Un terremoto de magnitud 7.1 que sacudió el sudoeste de Japón ha dejado al menos 18 muertos, según reportes del Gobierno central y de la prefectura de Kumamoto. Equipos de rescate trabajan intensamente para encontrar sobrevivientes atrapados entre los escombros de edificios destruidos.
Las primeras informaciones indicaron 13 muertes, pero se han sumado cinco más debido al colapso de una chimenea en la planta de Yatsushiro de Nippon Paper Industries.
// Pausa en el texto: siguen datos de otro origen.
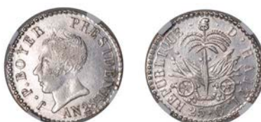
1011 Republic , 25 Centimes, AN 28 [1831] (KM 18.1). Extremely fine [certified and graded by NGC as AU 58] £100-£120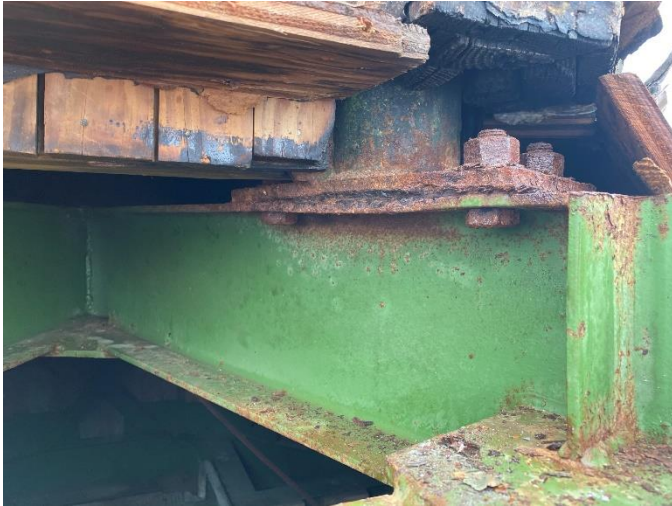
Photo05: Steel Beams Beneath the Copper Cladding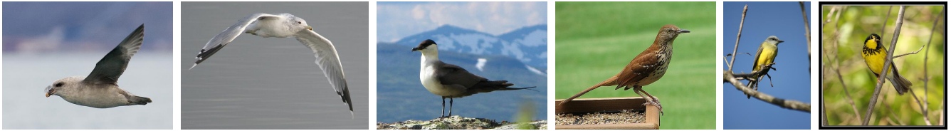
Figure 1: Example images from the CUB-200-2010 dataset.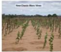
New Chenin Blanc Vines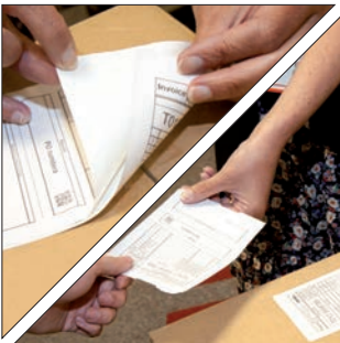
Peel and apply a delivery label leaving the corresponding invoice (or picking list, return policies and procedure, customer survey, etc.) printed on its backing paper.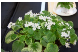
Jays' Icecastle (J White) Semi double white pansy. Crown variegation medium green and cream. Semi miniature trailer (Aust)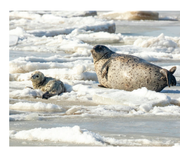
Spotted seals sunbathe on the floating ice in Liaodong Bay off the coast of Dalian, Liaoning province.

In January 2002 a patch of the reserve was named as a wetland of international importance under the Ramsar Convention on Wetlands.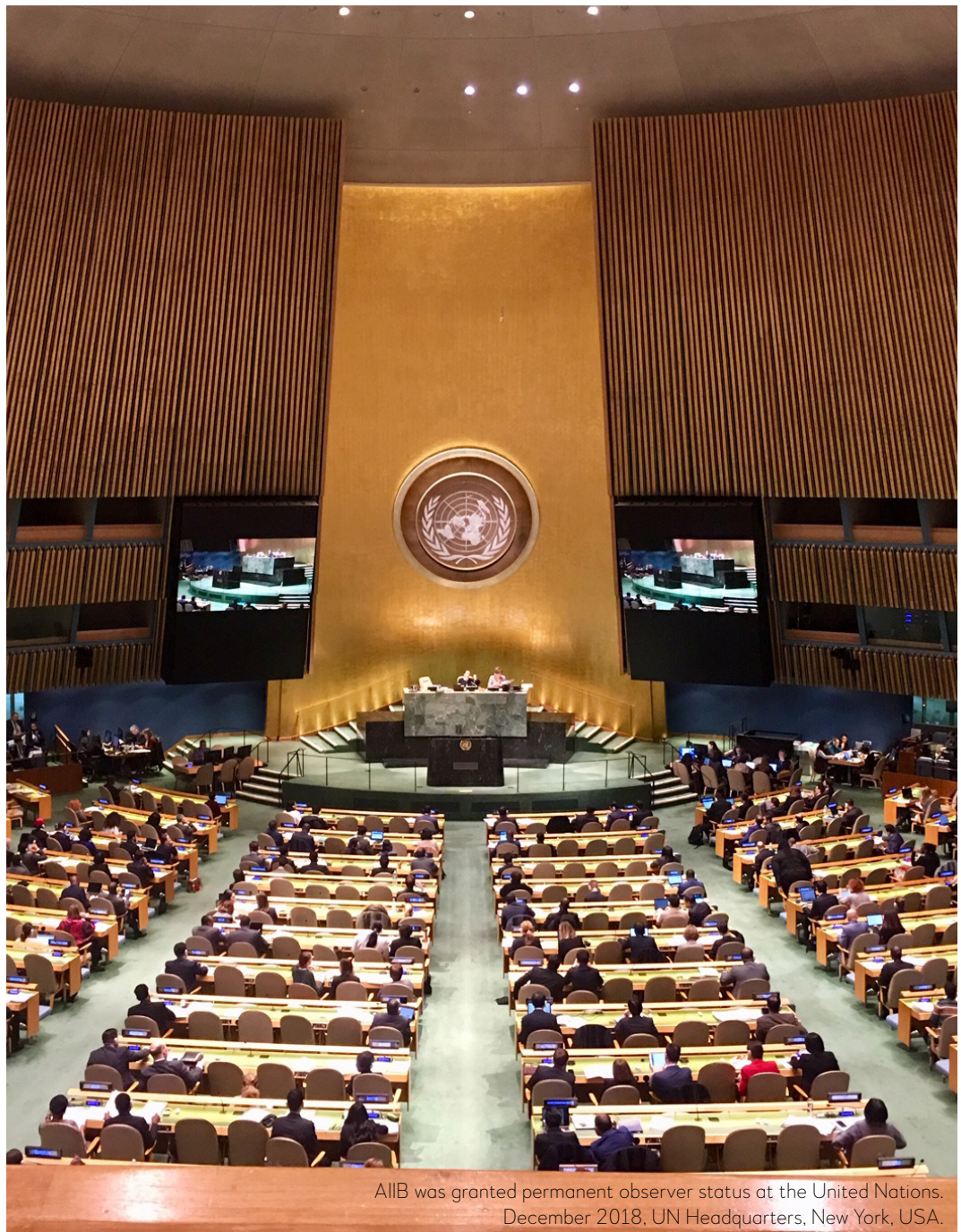
AIIB was granted permanent observer status at the United Nations. December 2018, UN Headquarters, New York, USA.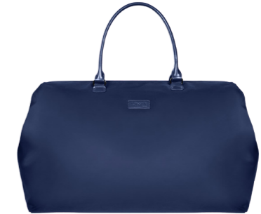
WEEKEND BAG L REF. 73904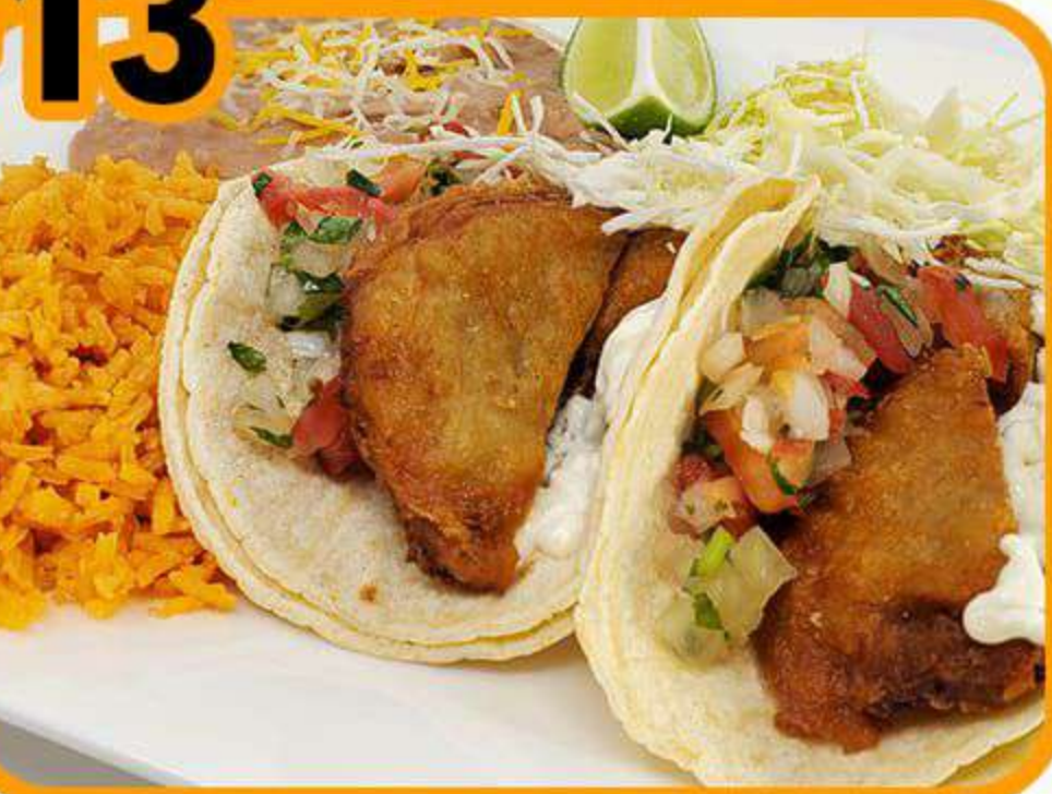
Two Fish Taco Breaded fish fillet with tartar sauce, pico de gallo, cabbage and lime $10.99

Además, hay cuatro personas que podrían seguir sepultadas bajo los escombros, según declaraciones de un portavoz local.
Entre las víctimas fatales se encuentran tres personas que estaban en un centro comercial operado por la cadena Aeon. La compañía ha informado que tres más siguen desaparecidas. Las autoridades enfrentan dificultades para determinar con exactitud cuántas personas están atrapadas en el centro comercial.
La primera ministra, Sanae Takaichi, describió la situación como una carrera contrarreloj, ya que han pasado más de 20 horas desde el desastre y aún hay personas esperando ayuda. En respuesta, se han desplegado miles de efectivos, incluyendo 4,600 soldados y 2,000 policías.
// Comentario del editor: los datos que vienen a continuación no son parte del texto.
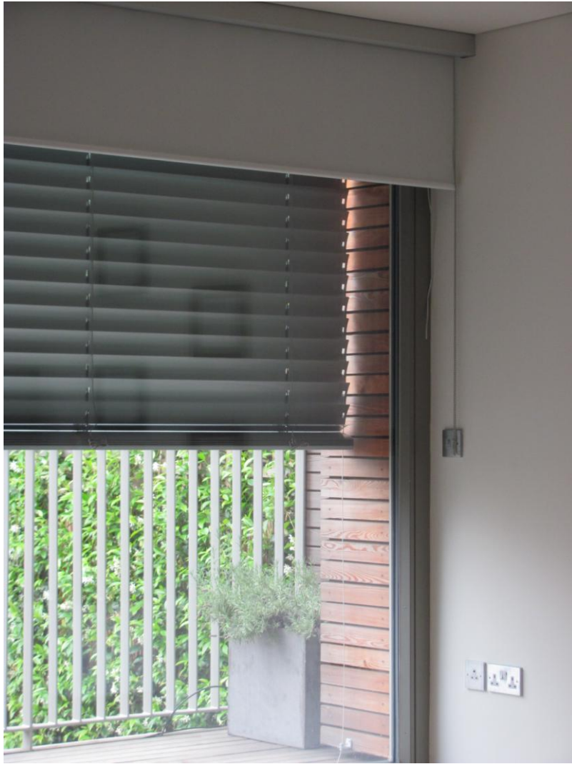
External blinds work automatically on a solar control to provide shading and prevent overheating.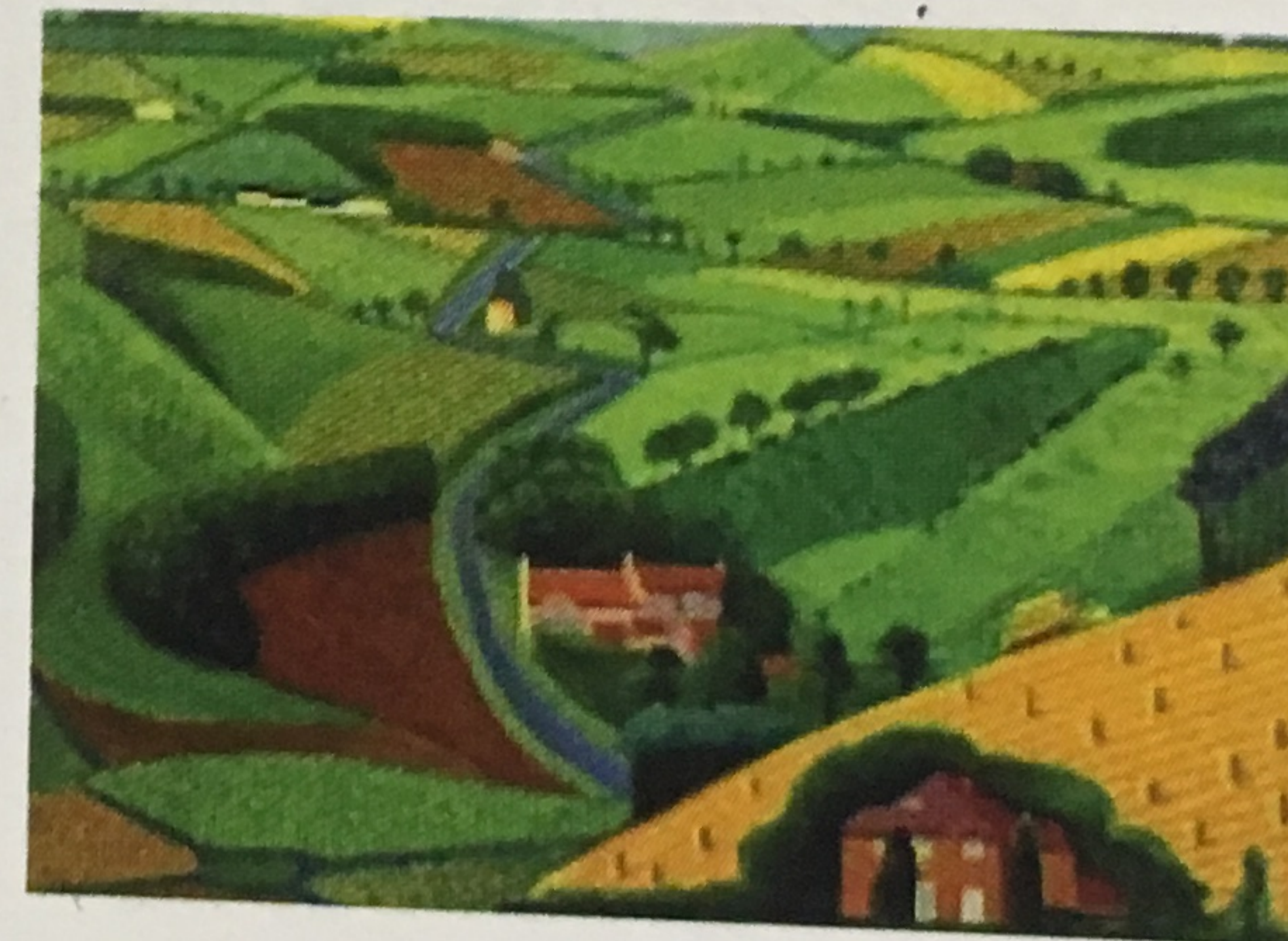
David Hockney to get retrospective at Tate Britain next year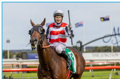
REBEL RACER / CRAIG NEWITT WINNER OF THE 2023 ADELAIDE CUP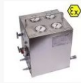
A-0310 Water Control Box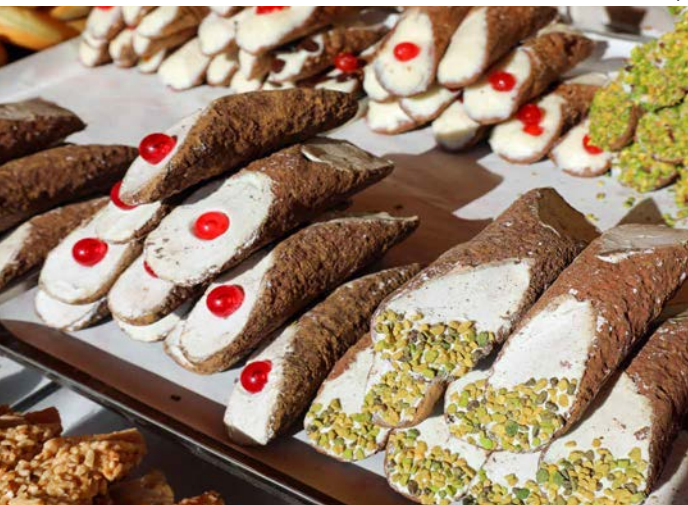
Cannolis, Palermo, Sicily

Giardini Naxos | Taormina From the port of Giardini Naxos, travel to Taormina, an ancient village on the top of a cliff above the Ionian Sea and near Mount Etna. Visit the remarkably preserved Greco-Roman Theatre, the world's most dramatically sited Greek theater that is still in use today, and explore the striking Corvaja Palace. You have the option to return to the ship for lunch or stay in Taormina for lunch and time to explore on your own.

Aparte de los decesos y desaparecidos, se reporta un gran número de heridos, con más de 200 solo en el Yatsushiro North Community Medical Center. El departamento de bomberos local ha trasladado a casi un centenar de heridos a diferentes centros de salud, de los cuales seis se encuentran en estado grave.
La prefectura ha registrado 8,886 evacuaciones y más de 34,800 hogares sin suministro eléctrico. Japón, ubicado en el Anillo de Fuego del Pacífico, es propenso a terremotos, por lo que sus infraestructuras están diseñadas para resistir este tipo de desastres.